Return, verbatim and in full, the records that follow, but not their pictures.

[Data items]

++++++++++++++++++++

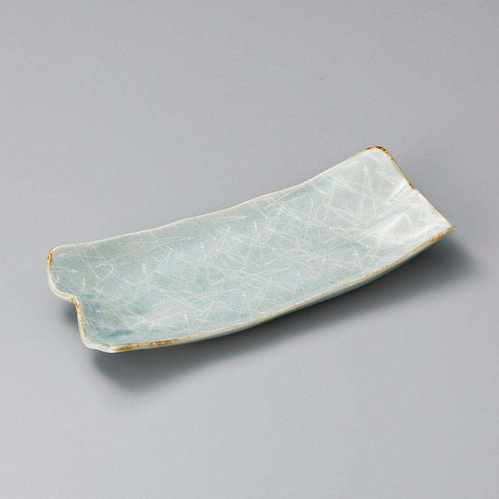 青磁しのぎ10.0長角皿 (強化)
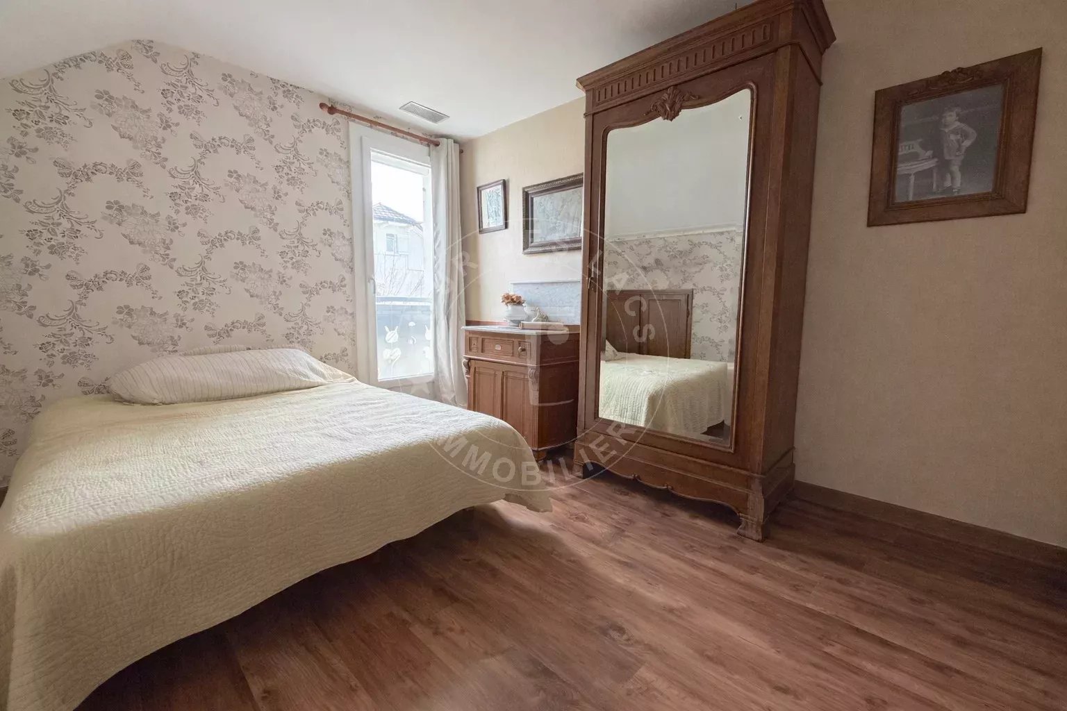 L'étage comprend 3 chambres, une salle de bains, une mezzanine, un WC et des combles. Le sous-sol complet dispose d'un garage double, d'une cave à vin, d'un atelier et d'une pièce de rangement.
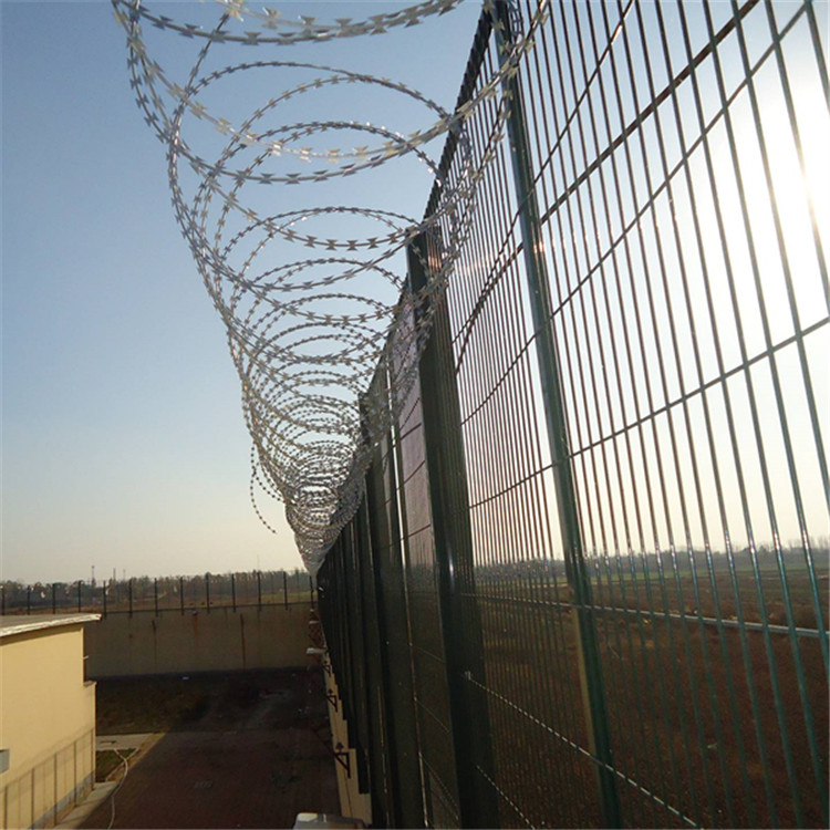 監(jiān)獄警戒隔離網(wǎng)由刀片剌網(wǎng)和圍欄網(wǎng)組合使用,刀片剌網(wǎng)有熱鍍鋅刀剌網(wǎng)和不銹鋼刀剌網(wǎng),都是防護(hù)效果很好的產(chǎn)品,其中不銹鋼刀刺網(wǎng)比熱鍍鋅刀刺網(wǎng)價(jià)格較高,相應(yīng)的防腐蝕效果、光亮度、材質(zhì)都要比熱鍍鋅刀刺網(wǎng)要好。監(jiān)獄警戒隔離網(wǎng)的防腐蝕處理有鍍鋅和涂塑,因?yàn)?/span>監(jiān)獄警戒隔離網(wǎng)屬于高安全場(chǎng)所使用,可以采用先鍍鋅后浸塑的方式,鍍鋅后的圍欄網(wǎng)韌性較好,可有效延長(zhǎng)監(jiān)獄警戒隔離網(wǎng)的使用年限。
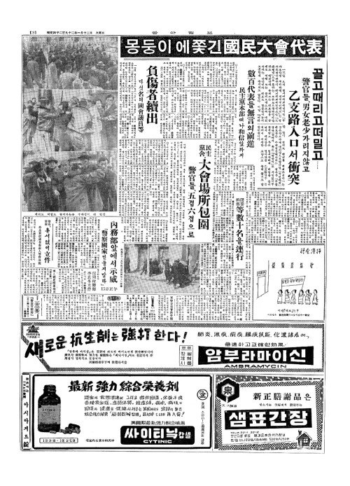 - 데모企圖挫折(기도좌절) 淸州(청주)서도民主黨員十九名(민주당원십구명)을連行(련행)
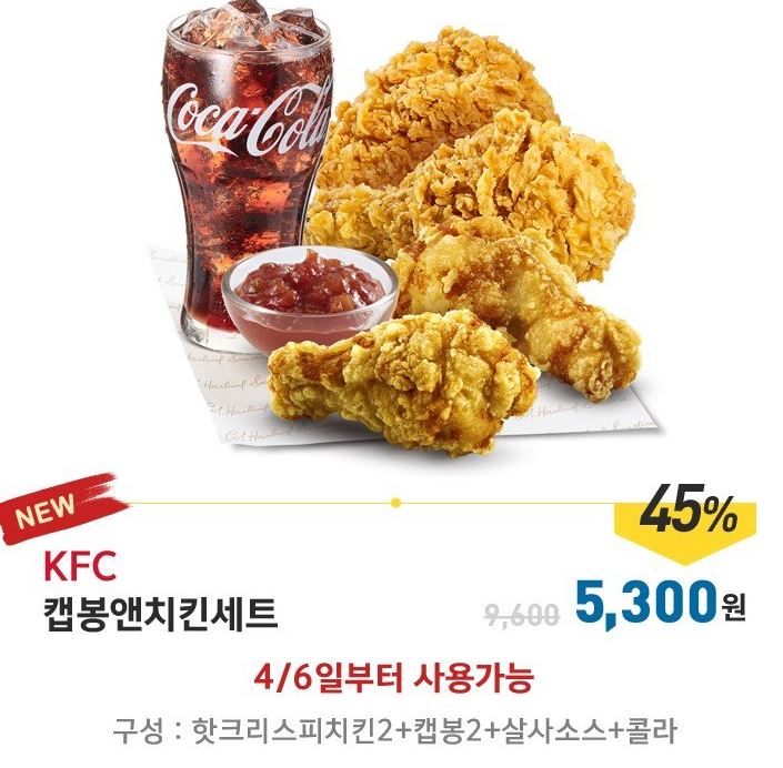 할인 메뉴 : 징거텐더세트, 캡봉앤치킨세트 등

++++++++++++++++++++

→ **Solution to this problem**
 青磁しのぎ10.0長角皿 (強化)
 L'étage comprend 3 chambres, une salle de bains, une mezzanine, un WC et des combles. Le sous-sol complet dispose d'un garage double, d'une cave à vin, d'un atelier et d'une pièce de rangement.
 監(jiān)獄警戒隔離網(wǎng)由刀片剌網(wǎng)和圍欄網(wǎng)組合使用,刀片剌網(wǎng)有熱鍍鋅刀剌網(wǎng)和不銹鋼刀剌網(wǎng),都是防護(hù)效果很好的產(chǎn)品,其中不銹鋼刀刺網(wǎng)比熱鍍鋅刀刺網(wǎng)價(jià)格較高,相應(yīng)的防腐蝕效果、光亮度、材質(zhì)都要比熱鍍鋅刀刺網(wǎng)要好。監(jiān)獄警戒隔離網(wǎng)的防腐蝕處理有鍍鋅和涂塑,因?yàn)?/span>監(jiān)獄警戒隔離網(wǎng)屬于高安全場(chǎng)所使用,可以采用先鍍鋅后浸塑的方式,鍍鋅后的圍欄網(wǎng)韌性較好,可有效延長(zhǎng)監(jiān)獄警戒隔離網(wǎng)的使用年限。
 - 데모企圖挫折(기도좌절) 淸州(청주)서도民主黨員十九名(민주당원십구명)을連行(련행)
 할인 메뉴 : 징거텐더세트, 캡봉앤치킨세트 등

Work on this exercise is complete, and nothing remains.